= Patrick Kafka =

Austrian-American male model

Patrick Kafka (born 1989) is a former Austrian - American runway, magazine and advertisement model. He was signed to Q Management New York City and Stella Models at the age of 15.

== Life and work ==
His first job was a campaign for Abercrombie & Fitch, photographed by Bruce Weber in 2009, followed by assignments for Ralph Lauren and Trussardi. In June of the same year, Kafka had his début at Milan Fashion Week in fashion shows for Bottega Veneta, Dolce & Gabbana, Dsquared2, Jil Sander, Zegna und Moschino, as well as in Paris for John Galliano, Hugo Boss, Kenzo and Thierry Mugler.

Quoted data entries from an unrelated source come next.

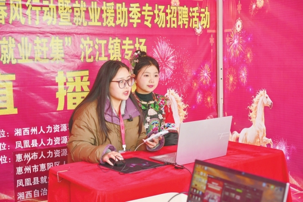 2月25日,凤凰县沱江镇,工作人员在直播带岗。当天,该县17个乡镇同步开展“春风行动”就业赶集专场招聘活动,共组织664家企业提供28711个岗位,涵盖湘沪浙粤闽苏等多地岗源,方便群众择业。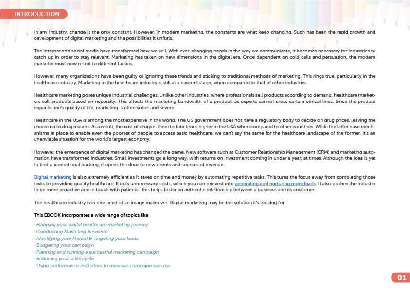 Digital marketing requires a different approach to be effective. This eBook is tell-all documentation of the healthcare industry from the perspective of a digital marketer. It also provides detailed information on digital marketing; past, present, and future. It also equips marketers with information on planning and executing the perfect digital marketing campaign.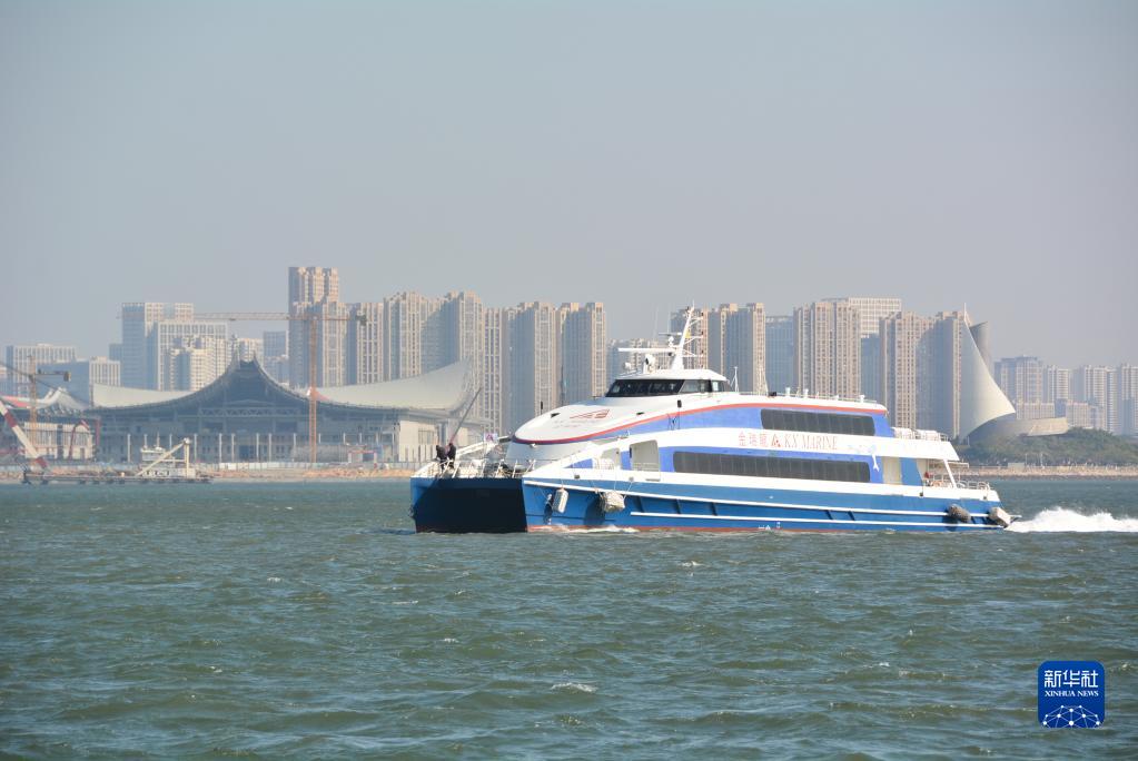 1月7日,“金瑞龙”客轮驶离厦门五通客运码头返回金门。新华社记者 颜之宏 摄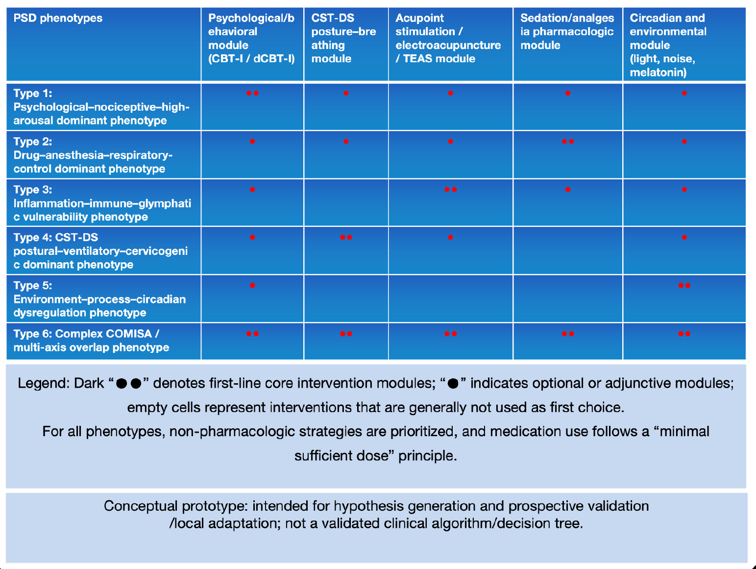 Table 1: Prototype mapping between PSD phenotypes and intervention modules (distinguishing evidence level A vs B/C).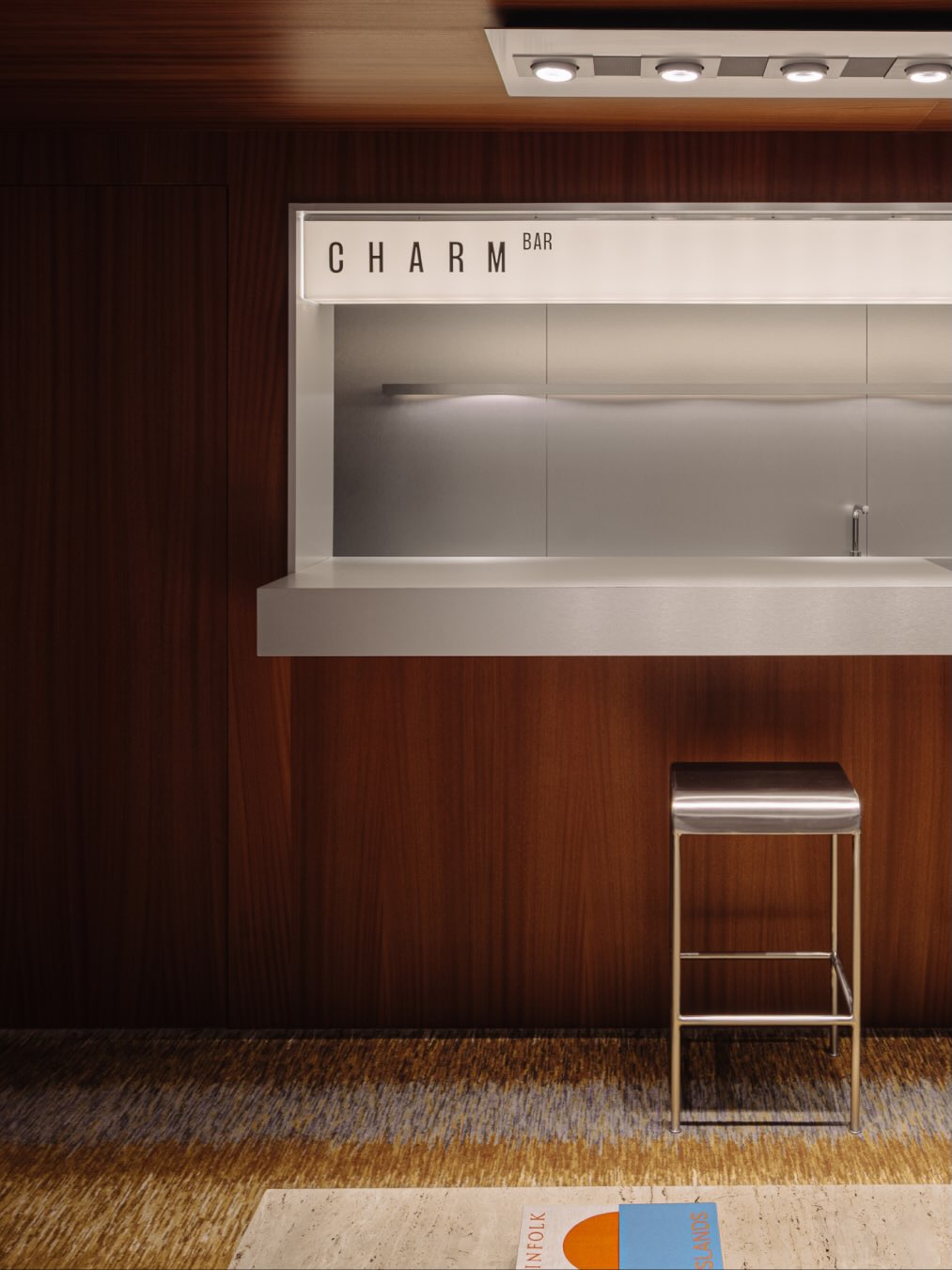 El techo juega un papel crucial en la zonificación: en las áreas de venta, una rejilla metálica integra iluminación técnica y tamiza la luz; en las zonas de estancia y en el Charm Bar, los techos y paramentos de madera aportan calidez visual y acústica.
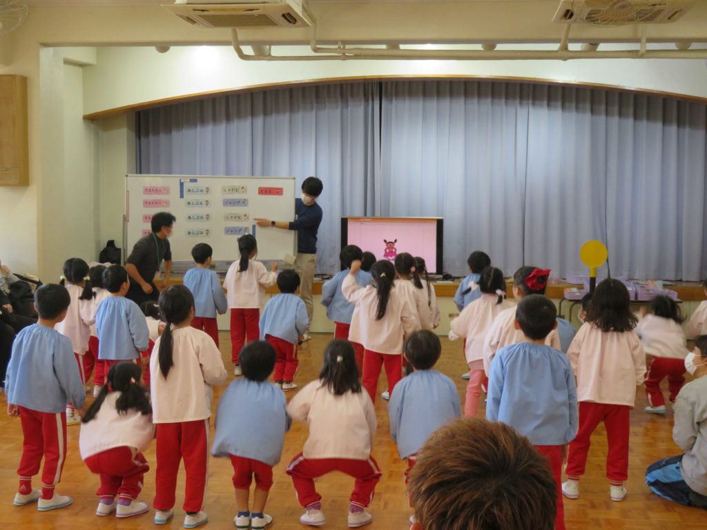 年長児らしく友達と協力して取り組んだり、考え合ったりができるようになりました。参観してくださった保護者様、ありがとうございました。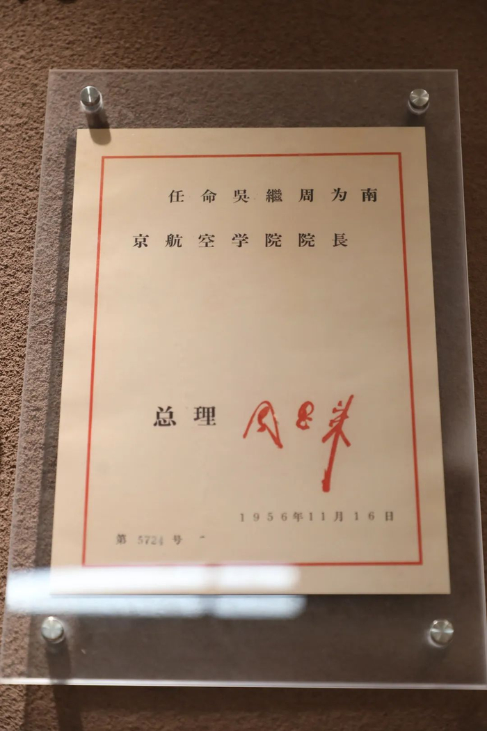 1956年6月,国务院第四十一次会议讨论决定,吴继周同志任南京航空学院院长兼党委书记。1956年11月16日,国务院总理周恩来亲自签发第5724号国务院任命通知书,任命为吴继周为南京航空学院院长。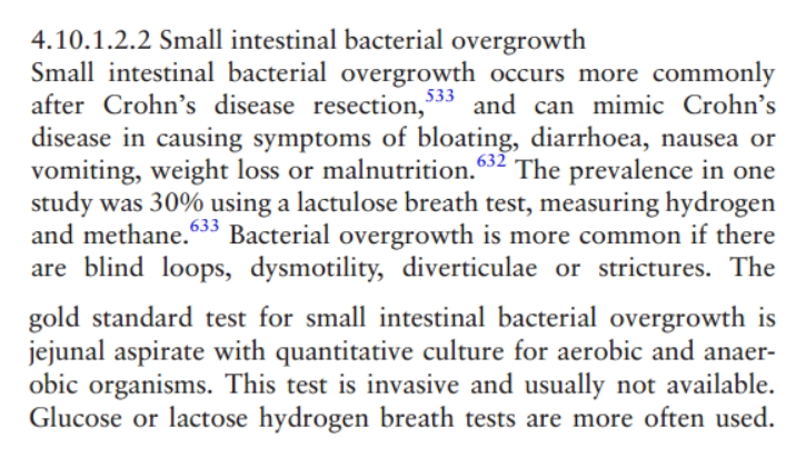 小肠细菌过度生长常发生在克罗恩病术后,引起类似克罗恩病的症状,如腹胀、腹泻、恶心或呕吐、体重减轻或营养不良。一项研究使用乳果糖呼气试验,测量克罗恩病患者呼出气体中氢和甲烷的浓度,发现小肠细菌过度生长发病率为30%。如果克罗恩病患者有小肠盲袢、运动障碍、憩室或狭窄等症状则更容易发生小肠细菌过度生长。

In September 2009, he was invited by Richard Chai and Michael Bastian to their runway shows in New York.

Since then, Kafka has been working with fashion photographers such as Arnaldo Anaya-Lucca, Sam Bassett, Inez van Lamsweerde and Vinoodh Matadin, Jem Mitchell, Sergi Pons, David Slijper and Milan Vukmirovic. He has appeared in men's magazines, such as Flaunt, the Italian edition of L'Officiel Hommes, the Japanese edition of GQ, the Spanish version of Esquire and the German edition of Playboy, often on the cover page. Amongst his clients are Armani, Balmain, Diesel, Perry Ellis, Thom Browne, Roberto Cavalli and Simon Spurr.